Вволю поэксплуатировав вычислительные мощности ничего не подозревающих пользователей, неустановленные злоумышленники свернули лавочку в мае 2012-го. Именно тогда перестали функционировать командные центры. Профит заключался в накрутке трафика посещения сайтов (доход от рекламы) и манипуляциях с поисковой выдачей (сервис продвижения сайтов «запрещенными» методами BlackSeo). Вера пользователей Маков в свою «безопасную» платформу несколько пошатнулась, а Apple даже удалила установку Java по умолчанию из стандартной конфигурации установки системы.

 

Вторая эпидемия

Цель — Тибет

Весь 2012 год прошел под девизом «побольше маковских троянов в Тибете, хороших и разных». Речь идет об эпидемиях с политическим подтекстом, связанных с давней борьбой Тибета за независимость от Китая. Первой ласточкой было семейство Revir/Imuler по классификации F-Secure, двойное название которого объясняется так: Revir — это дроппер, а Imuler — бэкдор (Dr.Web его называет Muxler), устанавливаемый дроппером. Обнаруженный еще осенью 2011 года первый вариант Revir.A, скорее всего, был пробным шаром. Да и вообще, все его семейство модификаций как нельзя лучше подходит под определение lameware, методы он использовал донельзя примитивные. Однако, если рассматривать все через призму политической направленности, возникает впечатление, что создатели руководствовались принципом Оккама — не нужно ничего усложнять без надобности. В самом деле, зачем все эти новомодные эксплойты и куча кода, когда методы социальной инженерии и так прекрасно работают?

Но вернемся к нашему Revir.A — он представлял собой исполняемый файл, который маскировался под PDF. В диком виде образец так и не был найден, так что остается только догадываться, под каким соусом его подавали пользователю, есть мнение, что через целенаправленную рассылку конкретным лицам. Запущенный Revir.A извлекал из себя PDF-файл на китайском языке и демонстрировал его пользователю. Одновременно с удаленного сервера скачивалась и запускалась полезная нагрузка — Imuler.A.

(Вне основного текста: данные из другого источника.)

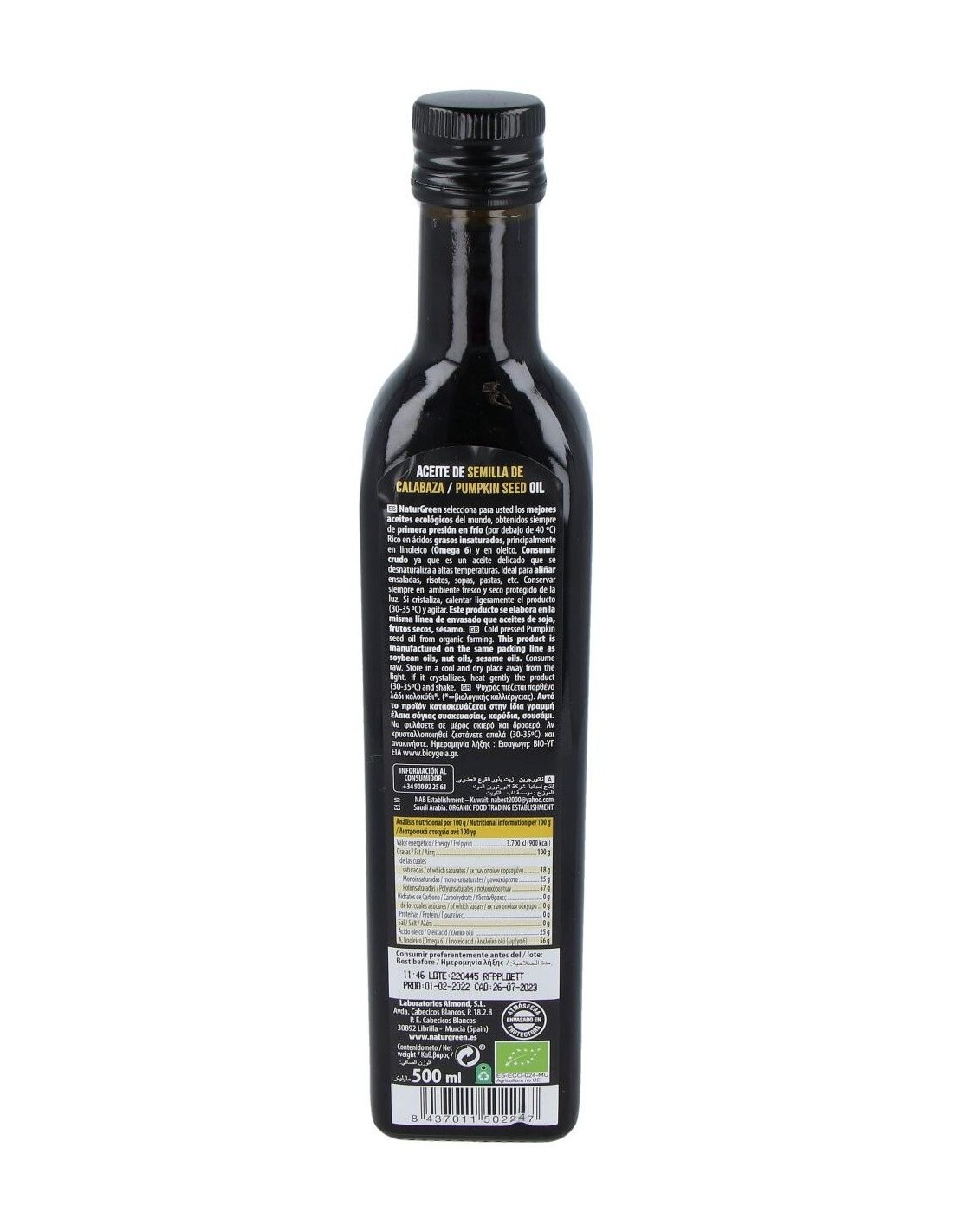 Aceite De Calabaza 1ª Pression Frio 500Ml Bio de Naturgreen

В результате в каталоге /Users/{имя пользователя}/library/LaunchAgents оказывался основной модуль checkvir, создавалась ссылка на него в checkvir.plist, а в /Users/{имя пользователя}/library — файл .confback с адресами командных центров. Инструкции, получаемые с С&C, предусматривали выполнение следующих команд:

  • загрузить файл с удаленного сервера;
  • запустить файл на выполнение;
  • собрать и отправить системную информацию — внешний и внутренний айпишник, MAC-адрес, версию ядра ОС и имя юзера;
  • отправить интересующие файлы в архиве;
  • отправить скриншот экрана.

Вариация Revir.B, так же как и Revir.A, скрытно устанавливала Imuler.A, но маскировалась уже под JPG.

Судя по всему, авторы не унывали, вдумчиво почитали журнал FHM South Africa за март 2012-го с российской моделью Ириной Шейк на развороте и замутили очередную попытку обмана доверчивых пользователей. Нагугленные сочные скриншоты были помещены в архив FHM Feb Cover Girl Irina Shayk H-Res Pics.zip. Кроме того, туда же был помещен Revir.C, обладающий миниатюрой картинки (рис. 4). По умолчанию расширения файлов в OS X не отображаются, так что шансы на запуск увеличивались. Для усложнения жизни антивирусным исследователям полезная нагрузка была зашифрована по алгоритму RC4, в качестве ключа вредоносное приложение использовало первые 2048 байт картинки, отображаемой пользователю при запуске. Архив с Revir.D и другим набором картинок назывался Pictures and the Ariticle of Renzin Dorjee.zip. Бэкдор сменил название своих файлов (но не функционал) и стал идентифицироваться как Imuler.B. Уже тогда было сделано предположение, что распространение данных угроз связано с китайско-тибетским конфликтом и направлено против различных активистских организаций, борющихся за независимость Тибета. Архив, рассылаемый в октябре 2012-го, уже не оставлял в этом никаких сомнений. Все три фотографии с изображениями представителей тибетских организаций были на самом деле вредоносными приложениями Revir.E.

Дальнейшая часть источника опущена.